One of those seeking help is Paul, 61, who has been coming here for several months for help with a complex set of problems relating to his housing and the local social services department. He shares a council flat with his disabled ex-partner and two children, one of whom is also registered disabled.
Paul says it has been “fantastic” to be able to speak to someone at the food bank about his problems, and adds that while there are still a few hurdles ahead of him his situation is “a million times better than it was before”. He says: “Looking at what [Moskovchuk] has to do, they could do with having about four people here – and he could do with a secretary.”
Another food bank client full of praise for the financial help service is mother-of-four Jennifer Vallance, 34, who had a challenging Christmas because she’s had to wait several weeks for her first payment under the new universal credit regime (see below). “It’s good to have someone professional that can help – the ladies here only know so much [about money and finance].”

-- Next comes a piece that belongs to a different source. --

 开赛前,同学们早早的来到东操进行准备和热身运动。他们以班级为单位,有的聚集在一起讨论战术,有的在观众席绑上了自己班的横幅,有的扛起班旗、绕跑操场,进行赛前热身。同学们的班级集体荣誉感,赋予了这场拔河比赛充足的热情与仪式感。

She says that seeking help about an issue such as benefits can sometimes involve a lot of queueing and waiting. “Here you can come in and you’re made to feel at ease and relaxed. Everyone’s here for the same reason – we’ve all got money problems. It helps to be able to speak to someone in that mindset and environment.”

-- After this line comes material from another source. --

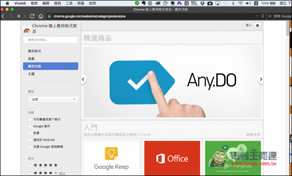 Chrome 瀏覽器讓人很喜愛的一個原因,就是它有非常多實用擴充工具,而好消息是 Vivaldi 也無痛支援,進到工具選單中的延伸套件後,你就會覺得怎麼跟 Chrome 這麼像,網頁移到下方也能找到 ”取得更多“ 的選項
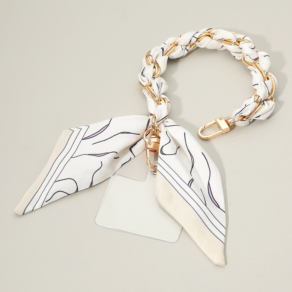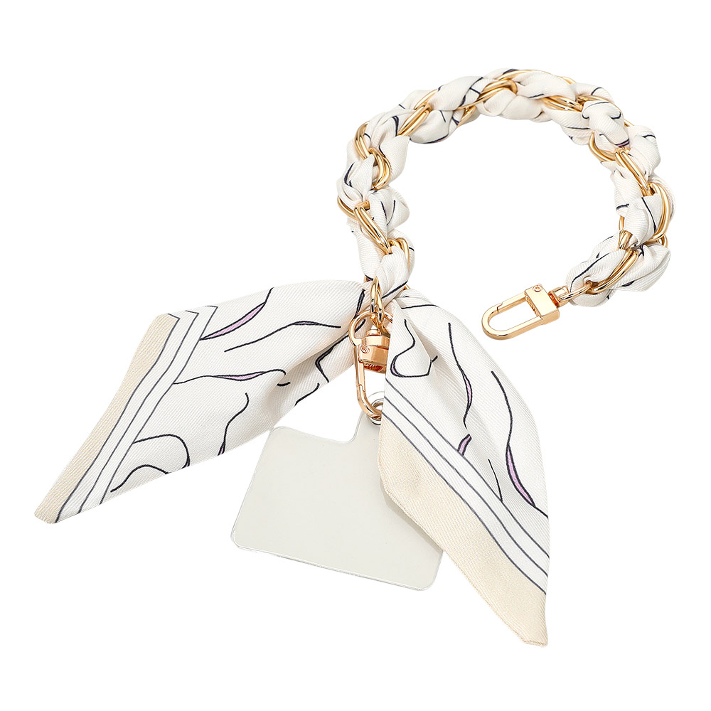 Patterned Fabric Scarf Chain Phone Holder Bracelet Wristlet Strap

Bolting money advice on to an emergency food provision service might seem like an odd concept, but it’s an approach that is helping to turn lives around. The Hammersmith and Fulham food bank is one of eight that took part in a pilot scheme last year to test the idea of allowing those who are going hungry to connect with free financial and debt advice “at the point of crisis”.
The pilot was launched by the Trussell Trust, a Christian charity that operates 420 food banks around the UK, and was predominantly funded by a £100,000 donation from Martin Lewis, the personal finance journalist who set up the MoneySavingExpert website (see below).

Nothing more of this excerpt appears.